I stared at a figure standing on the sidewalk across the street.
Whoever he was, he was maybe thirty yards from where we stood. It was far enough from the car that I don’t know why I noticed him at all. He stood under a broken streetlight, in front of a storefront that was already dark for the night.
He was watching us.
I stared back at him.
As I did, I felt my breath hitch in my chest. Not a single conscious thought rose in my mind, not a single linear understanding. Instead, my reaction was animal, visceral. A pain rose in the center of my solar plexus as I froze, taking in the shape of him, trying to make out his face in the darkness where he stood.
My night vision was different now. It was closer to Black’s.
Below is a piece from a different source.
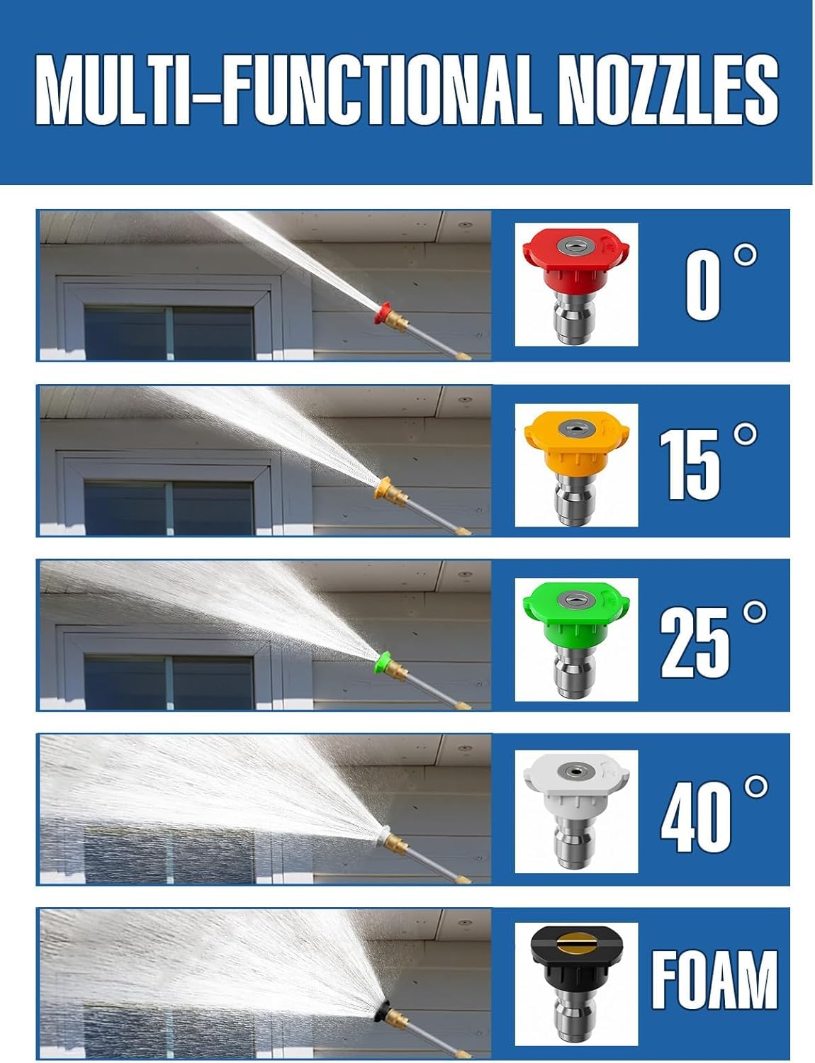 - MULTI-FUNCTIONAL NOZZLES: The water hose nozzle high pressure is equipped with 5 switchable nozzles, 0° high-pressure water jet is suitable for cleaning moss in the floor cracks, 15° can be used for car wash, 25° nozzle - ground cleaning, 40° - window cleaning, 60 ° - yard dusting, easy to deal with the whole scene.

It was close enough to Black’s that I could make out the man’s face, even in the dark.
It was Nick.
It was fucking Nick.
Nick stood there, his face and outline in shadow.
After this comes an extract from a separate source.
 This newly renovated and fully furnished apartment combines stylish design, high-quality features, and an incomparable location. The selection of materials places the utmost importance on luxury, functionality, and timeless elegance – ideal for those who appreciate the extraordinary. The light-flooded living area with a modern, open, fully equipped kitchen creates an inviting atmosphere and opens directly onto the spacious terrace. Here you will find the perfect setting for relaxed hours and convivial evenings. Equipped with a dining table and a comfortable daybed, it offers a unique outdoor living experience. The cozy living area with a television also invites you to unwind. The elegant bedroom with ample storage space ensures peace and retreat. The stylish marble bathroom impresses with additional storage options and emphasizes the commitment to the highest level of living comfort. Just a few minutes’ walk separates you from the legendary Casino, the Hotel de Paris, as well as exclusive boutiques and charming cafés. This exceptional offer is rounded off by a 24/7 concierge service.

I stared at him, my breath stopping in my chest, my head swimming.
Even so, I never stopped taking him in, trying to confirm or refute what I knew. My eyes scanned over every inch of him, going over every detail of his appearance.
His hair was longer than I remembered. It hung in an expensive shag cut that fell down one side of his forehead, making his face look narrower, his cheekbones higher.
Even in the dark, he somehow looked… younger.
Instead of the early-forties Nick I remembered, he looked like he was in his late twenties. Early thirties at most.
Even apart from the age difference, he looked… different.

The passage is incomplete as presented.